Try lubing that bearing with very light oil, like Shimano oil.
That particular bearing is tricky to remove if it becomes necessary to replace it.

Also service the other bearings, too. You may be able to remove the shield on one side of the Shimano bearings using a fish hook as a tool. This permits more efficient cleaning, then the shield can be replaced. I posted an Alan Tani tutorial here somewhere on how to do this. Some bearings are easier than others.

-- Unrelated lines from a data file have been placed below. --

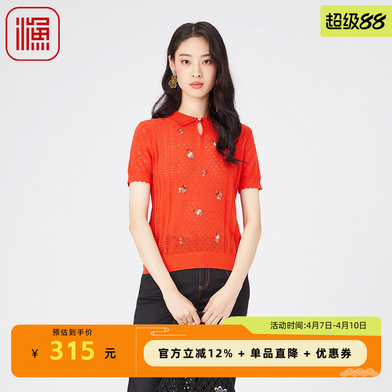 --------------------- 渔牌女装2024春夏新款镂空针织翻领短袖毛衣绣花休闲上衣FGGA1006 --------------------- --------------------- 【原价】1258元 【券后价】314元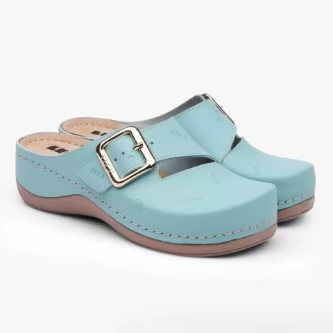 Saboti medicali Leon 933 Bakkar, de dama, din piele, turcoaz mat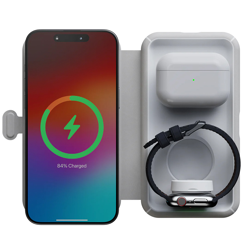 Chargez simultanément tous vos appareils quotidiens avec ce chargeur de voyage pliable 3-en-1. Avec une seule prise de courant et cette station de charge compacte, vous pouvez charger votre iPhone, votre Apple Watch et vos AirPods !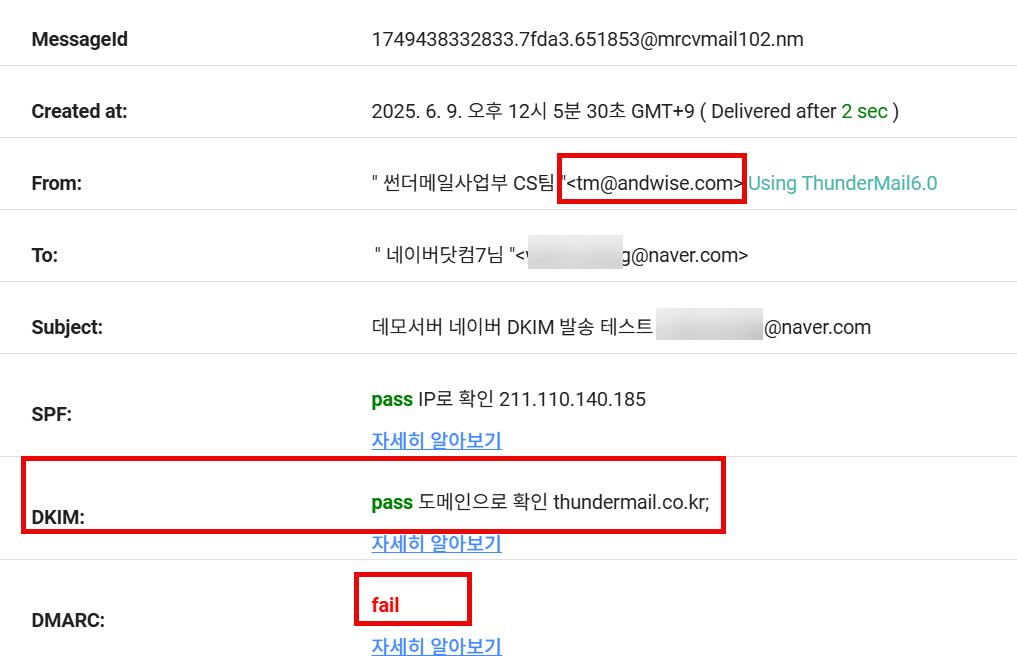 DKIM 인증이 되지 않는 경우, 네이버 메일 수신 서버에 도착하지 않고 차단될 수 있습니다.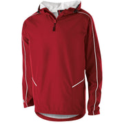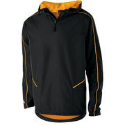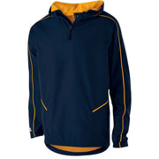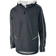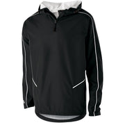 Micron™ polyester is a lightweight, wind/water resistant fabric * Micromesh lined nylon body & hood * Woven label * Quarter zip pullover style * Adjustable mesh lined hood with eyelets and concealed cord locks * Back vent with adjustable closure for full decoration access * Front zippered pockets * Half-elastic cuffs * Open bottom with adjustable elastic hidden drawcord * Dropped tail * Water-resistant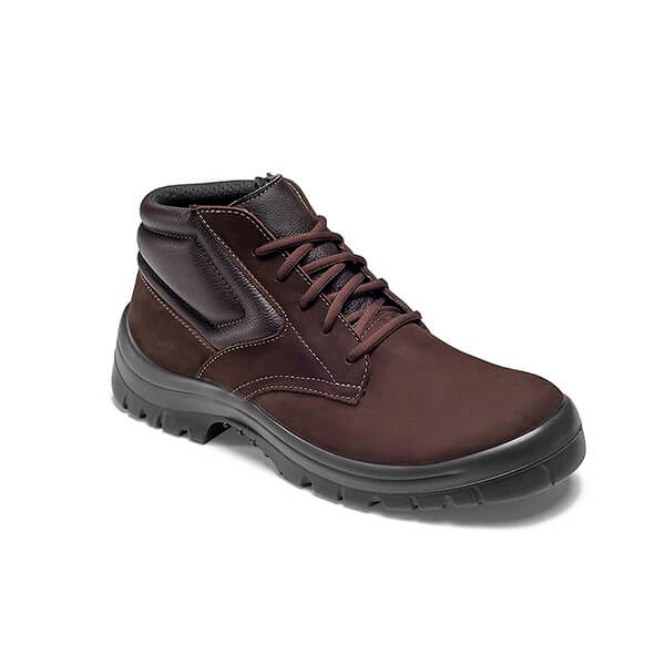 Calçado ocupacional de uso profissional tipo botina, cabedal confeccionado em couro, colarinho em material têxtil, forro da gáspea em não tecido, forro lateral em tecido, fechamento em velcro, palmilha de montagem em nãotecido fixada pelo sistema strobel, biqueira plástica para conformação e solado de poliuretano antiderrapante injetado diretamente no cabedal.
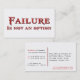 This design is bold and to the point, failure is not an option. The text features a red bold metallic look. Inspired for fitness trainers and life coaches.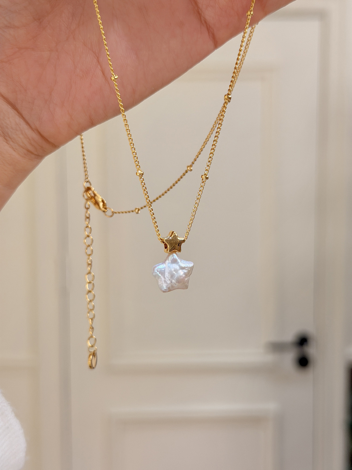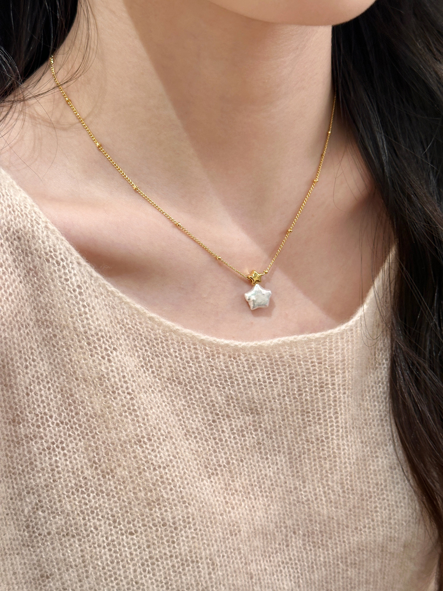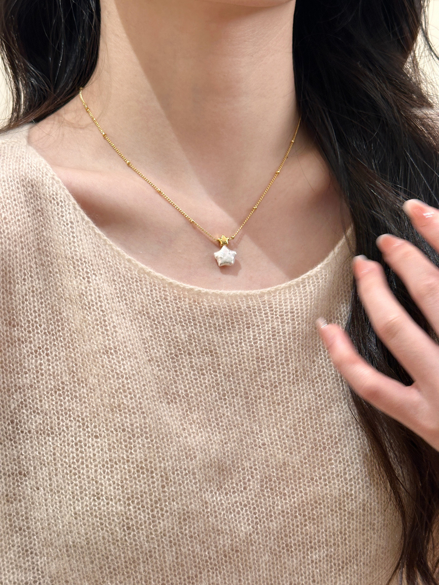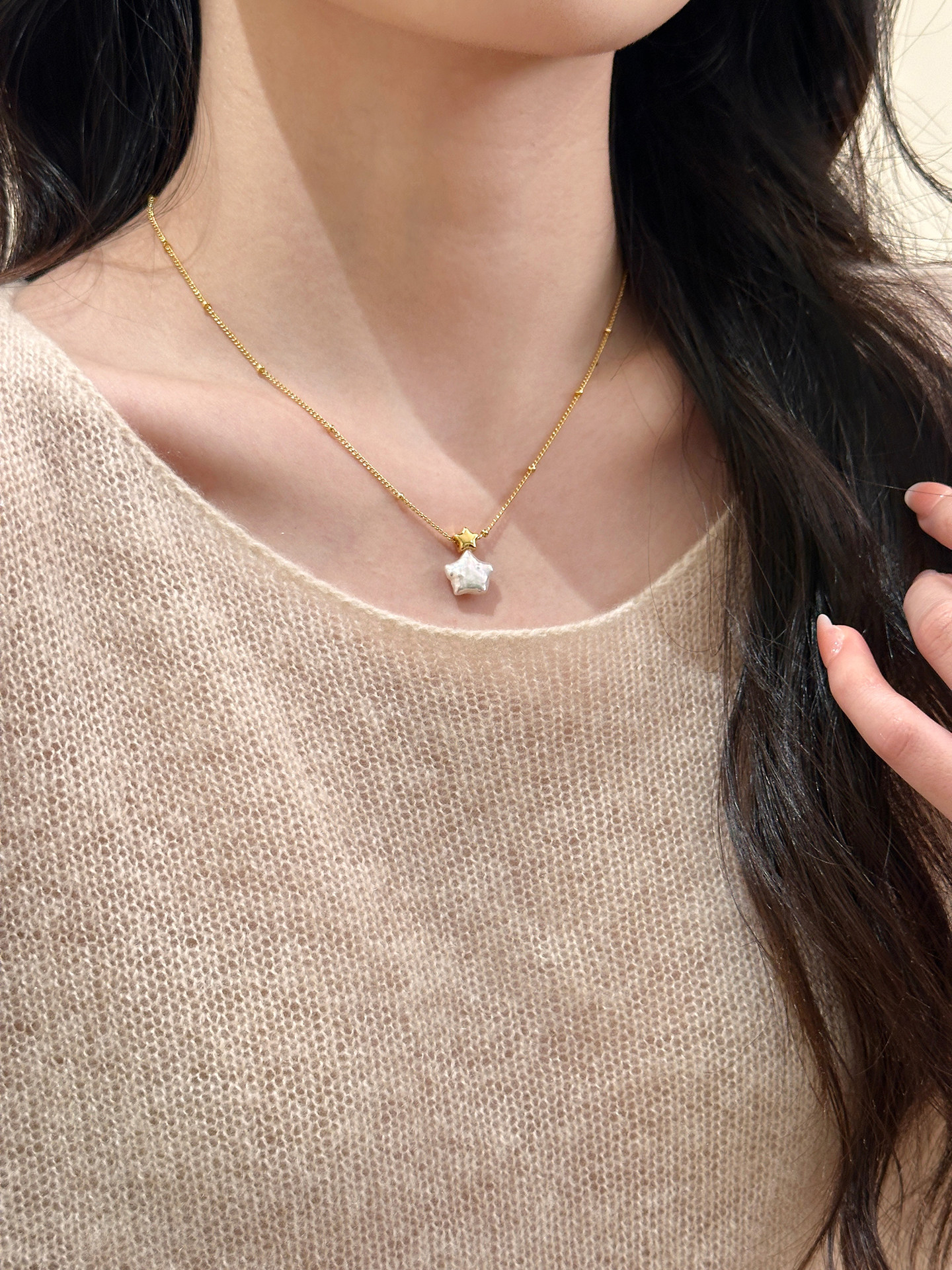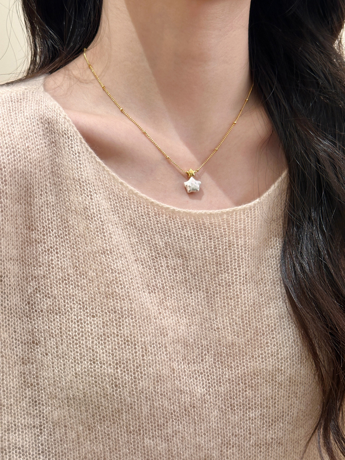 18k真金电镀韩系简约风星星珍珠项链配饰女毛衣链轻奢高级感项饰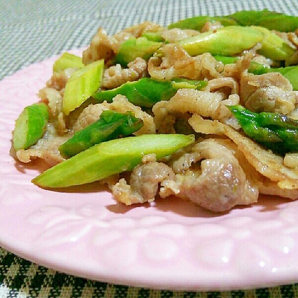 かんたん♪アスパラガスと豚肉の塩コショウ炒め。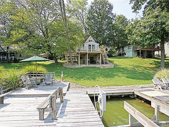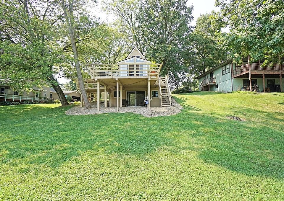 A truly unique and special waterfront lake house! Beautiful views of the lake from the living room, enclosed porch, deck, master bedroom, lower level patio and multi slip dock! An added bonus is the peace & serenity of a gorgeous water feature, covered deck with hot tub and deck on the street side! The large 3 car carport was constructed to be enclosed if so desired. And of course a shed for water toys! The property has been meticulously maintained and offers creative storage throughout!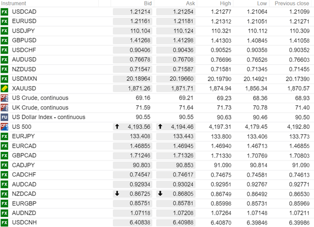USDCAD open 1.2121-25, Overnight range 1.2106-1.2128,  Previous  close 1.2110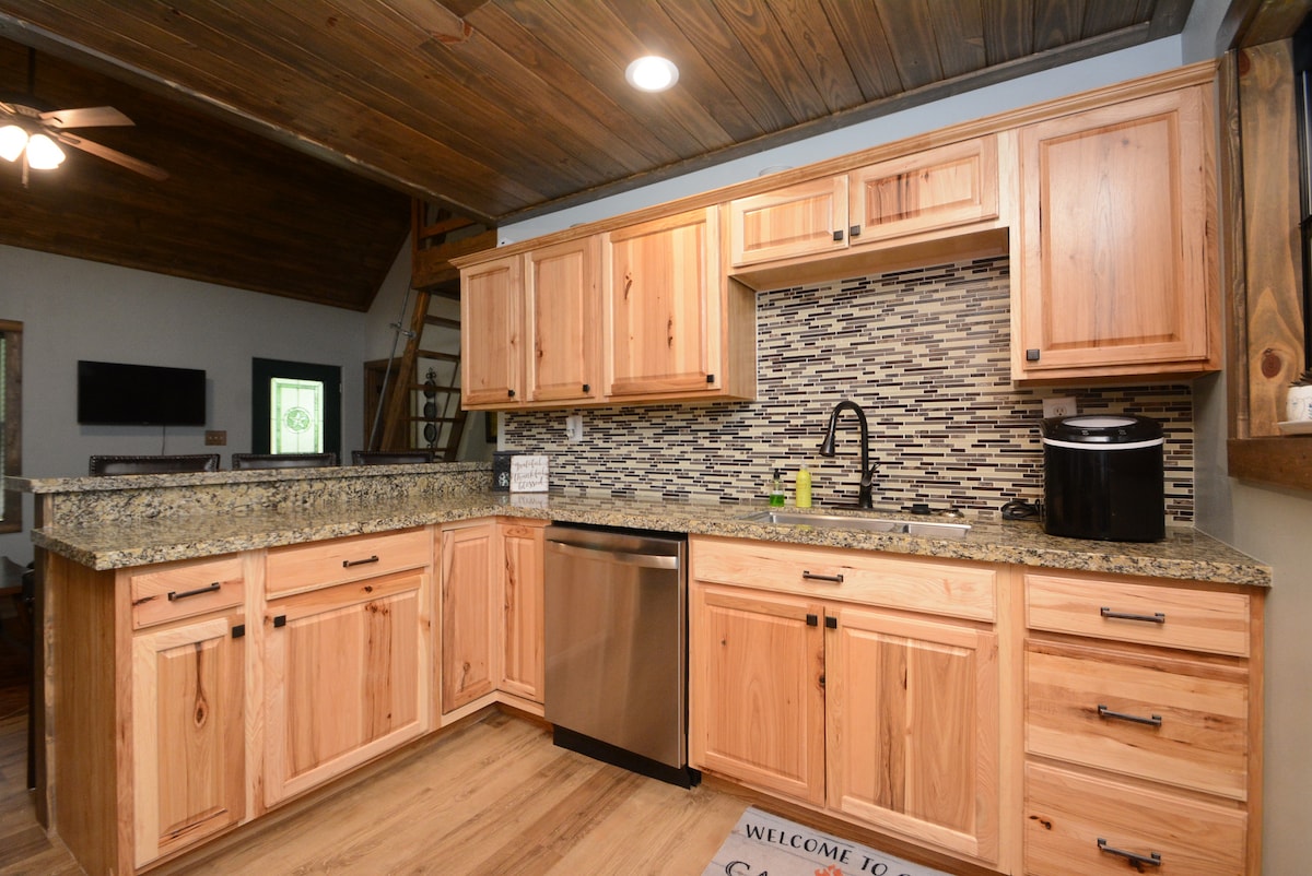 Rifugiati nel nostro incantevole chalet con 3 camere da letto immerso nel bosco! Goditi una serena vista sul laghetto, internet ad alta velocità, smart TV, focolare e una vasca idromassaggio privata a un costo aggiuntivo. La suite padronale dispone di un letto matrimoniale e di un portico coperto. I bambini adoreranno i letti a castello e i giochi. Loft aggiuntivo con letto matrimoniale. Perfetto per lavorare da remoto e divertirsi all'aperto! Prenota subito il tuo soggiorno!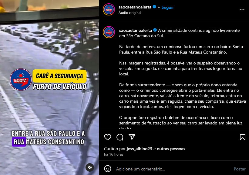 Veículo: Online -> Instagram -> Instagram São Caetano Alerta
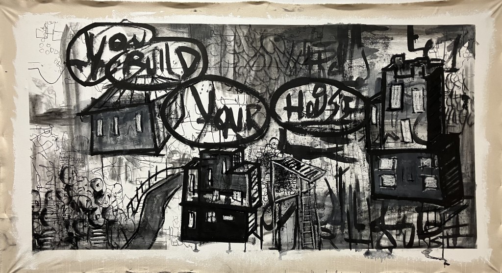 Char coal, Ink and Acrylic on canvas. App. 70×50″
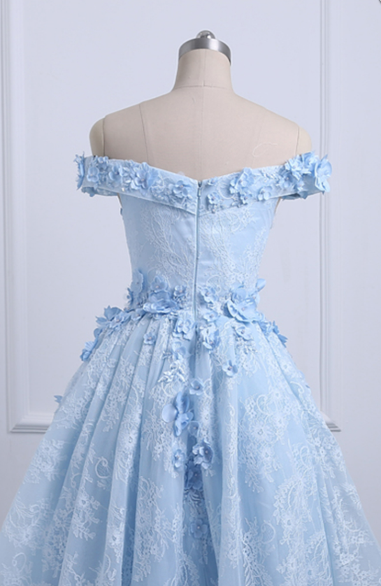 Off Shoulder High Low Sweetheart Blue Lace Prom Dresses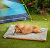 (1) dog bed, (1) cushion (2) stainless steel bowls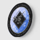 Celebrate the 45th sapphire wedding anniversary and a love that stands the test of time with this commemorative clock! Elegant black and white lettering with hexagonal confetti on a sapphire blue background add a memorable touch for this special occasion and extraordinary milestone. Customize with the couple's names, years of marriage, and congratulatory messages.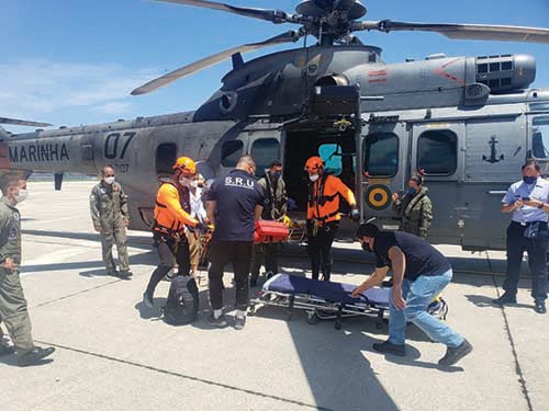 Assim, na manhã do dia 17, a 150 milhas náuticas (278 quilômetros) a sudeste do Rio de Janeiro, uma aeronave UH-15, pertencente ao 2º Esquadrão de Helicópteros de Emprego Geral, sediado em São Pedro da Aldeia (RJ), realizou o resgate e transporte do ferido para o aeroporto Santos Dumont.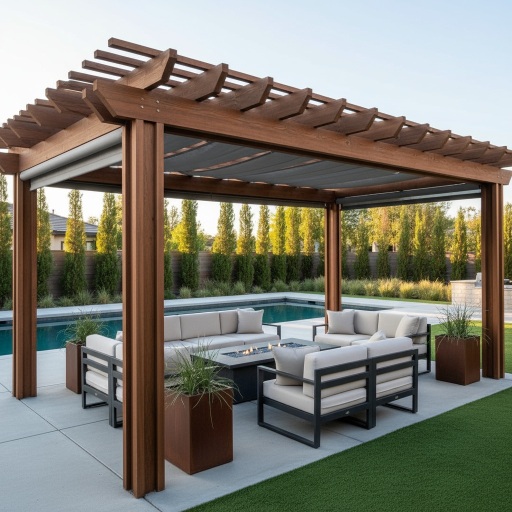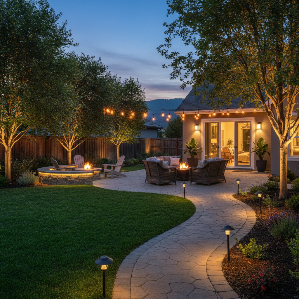 Extend your enjoyment into the evening with integrated patio lighting, including path lights, accent lights, and under-cap illumination. We also offer accessories like retractable screens and privacy walls to enhance your outdoor experience. Our solutions are designed for beauty, safety, and low maintenance.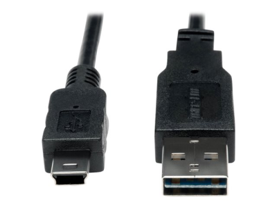 Tripp Lite 3ft USB 2.0 High Speed Converter Adapter Cable Reversible A to 5Pin Mini B M/M 3' - Câble USB - mini USB type B (M) pour USB (M) - USB 2.0 - 91 cm - connecteur à 90°, moulé - noir

IMO, the B models are awesome reels and this is just a maintenance issue.


----------



## castaway300 (Oct 6, 2007)

without a doubt its a dry bearing...theres only 3 on that model
one in the palm plate
one one the spool
one under the tension knob
ill bet its the one on the spool.
castaway300


----------



## Bantam1 (Jun 26, 2007)

The brake weights may be dry causing the squeel and reduced casting distance. Try placing a few drops of oil onto a q-tip and apply it to the brake case. This might help out.


----------



## goldie (Nov 17, 2008)

what is the part # on the spool bearing on the cu 200 b. is it the same as the palm plate held in by a clip?

thanks in advance


----------



## Dipsay (Apr 28, 2006)

goldie said:


> what is the part # on the spool bearing on the cu 200 b. is it the same as the palm plate held in by a clip?
> 
> thanks in advance


 BNT0124 I believe is the part number you're looking for. It's different than the BNT031's on either end of the spool. BNT 0124 (5x11x4) BNT 031 (3x10x4)


----------



## dbarham (Aug 13, 2005)

go to the fishing show sshimano i fixing them there now till sun.


----------



## DirectDrive (Dec 17, 2009)

MattK did an excellent tutorial on the R & R of the captive Curado B spool bearing :
http://2coolfishing.com/ttmbforum/showthread.php?t=218178&highlight=curado+spool+bearing

Make sure the bearing needs replacement. I wouldn't volunteer for this unless it was necessary.


----------



## goldie (Nov 17, 2008)

thanks alot guys !
I really appreciate all the information


----------